Wincing at the very idea of smacking the poor man in the face, she began to babble incessantly, "There are plenty more where that came from. I don't even need that one specific cracker to go with my tiny slice of cheese. Not a big deal, right? Really, it's all yours. I mean, of course it's yours. This is your house, after all. More like a castle, actually. It's just so big and there are so many rooms—"
Felicity's rambling spiel was cut off by the a snapping and crumbling sound, and looking up, she found Oliver had broken the cracker in half.
"Here," he said, a gently amused smile on his face. "Now it's both of ours."
Taking the little salted piece with blank confusion, Felicity sat holding the it mindlessly while Oliver also tore a slice of cheese into near-perfect halves.
"You can have that, too," he commented wryly, sticking the cheese bit into her other fingers.

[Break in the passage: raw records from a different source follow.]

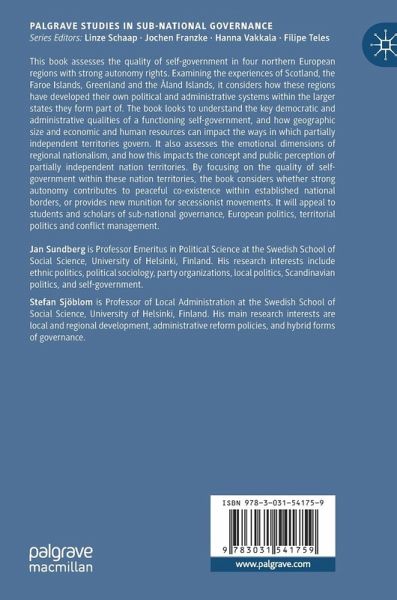 Chapter 1.- Introducing Partially Independent Nation Territories.- Chapter 2.- Credibility Explanations for the Success of Ethnoautonomy Arrangements. Chapter 3 -The Quality of Large and Small Nation Territory Governments.- Chapter 4.- Good Governance' and Entrenched Self-Government in Scotland: A Success?.- Chapter 5 -The Capacity of Self-Government in Greenland.- Chapter 6.- Faroese Self-Government: A Disputed but Evolved Model.- Chapter 7.- The quality of Self-government in the Åland Islands.- Chapter 8.- Is it better for nation territories to stand on one or two feet?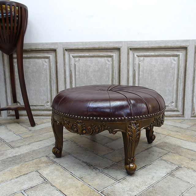 繊細な彫刻と猫脚が魅力のオットマンです。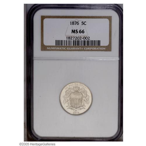 1876 5C MS66 NGC. A well-struck, untoned, steel-white 1876[5C] MS66 [S NGC.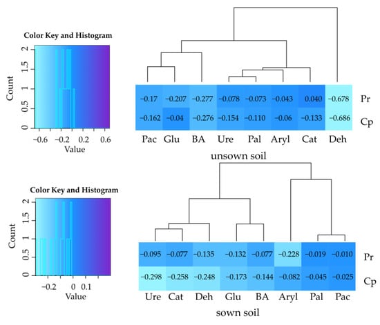 Soil cropping with Zea mays enhanced activities of all enzymes except for arylsulfatase in the soil contaminated with permethrin and β-glucosidase in the soil contaminated with cypermethrin (Figure 2). In the soil contaminated with permethrin, Zea mays stimulated the activity of dehydrogenases by 753.9%, acid phosphatase by 53.6%, urease by 53.3%, catalase by 34.2%, β-glucosidase by 27.8%, and alkaline phosphatase by 13.8%; in the soil contaminated with cypermethrin, Zea mays increased the activity dehydrogenases by 661.0%, acid phosphatase by 49.8%, arylsulfatase by 32.8%, urease by 29.7%, catalase by 29.5%, and alkaline phosphatase by 15.3%.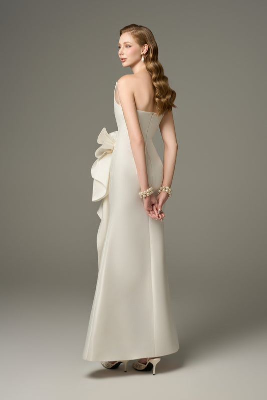 Devotion Acetate Asymmetric Neckline Gown With 3D Oversized Flower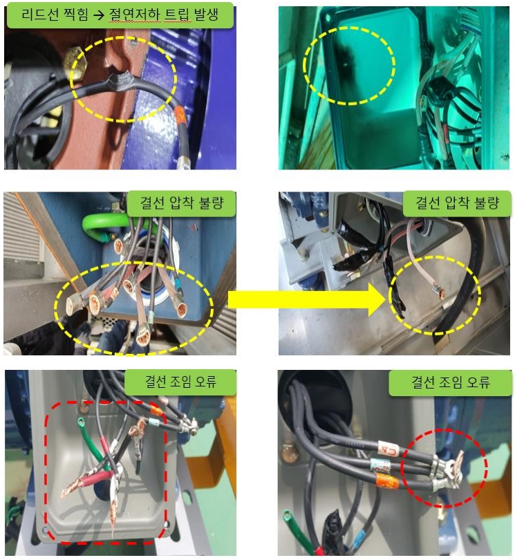 ② Y-D 기동반(판넬)에서 오는 전원선 6가닥은 전동기 리드선 6선과 각각 연결되어야 합니다.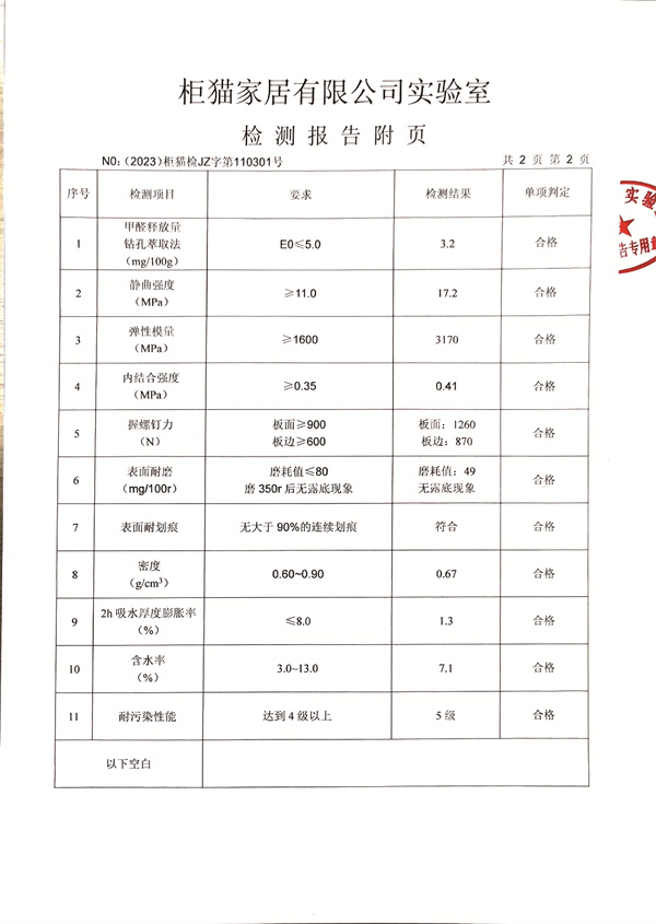 柜貓輕奢定制 2023年5月卡特灰飾面顆粒板柜體板實(shí)驗(yàn)室檢測報(bào)告
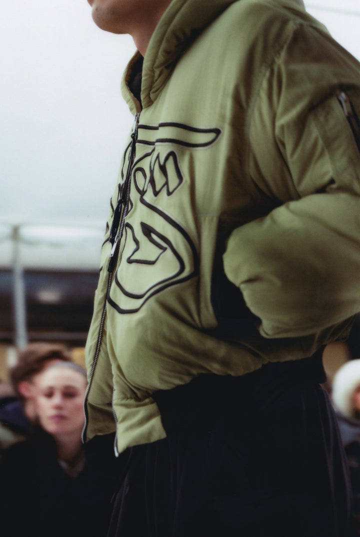 Hoiy is a cropped bomber jacket in gray green color with spray effect and "ALIS" grafitti embroidery made from polyester with a nylon linning.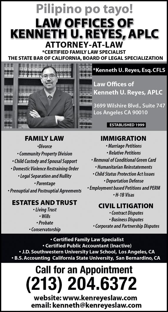 * * * Attorney Kenneth Ursua Reyes was President of the Philippine American Bar Association. He is a member of the Family law section, Estates and Trust, and Immigration law section of the Los Angeles County Bar Association. He is a graduate of Southwestern University Law School in Los Angeles and California State University, San Bernardino School of Business Administration. He has extensive CPA experience prior to law practice. LAW OFFICES OF KENNETH REYES, APLC. is located at 3699 Wilshire Blvd., Suite 747, Los Angeles, CA, 90010. Tel. (213) 388-1611 or e-mail Kenneth@kenreyeslaw.com. Web: kenreyeslaw.com. (Advertising Supplement)

As Felicity tried to understand the idiocy of it all, Oliver poured them both a glass of red wine, sliding one of them in her direction with a well-dampened smirk.
Blinking at the most ridiculous sharing technique she'd ever experienced, Felicity looked between her two hands with pursed lips for a very long moment, before finally sighing and sticking them together. Oliver chuckled when she ate them like an obedient child, her blue eyes giving him a look that asked why he was so childishly dumb sometimes.
Still withholding a larger grin, the blasted adorable man stuck his own two halves together and popped them in his mouth.
"You know, Oliver…" Felicity sighed in a mixture of resignation and exasperation as she raised her wine glass, but she let the sentence trail off and wearily accepted the swift mood changes of the complicated man she called friend. Shaking her head in lieu of scolding, Felicity put down her wine and reached for another cracker and cheese slice.
And if she broke them in half and offered Oliver one of each, it really was his own fault.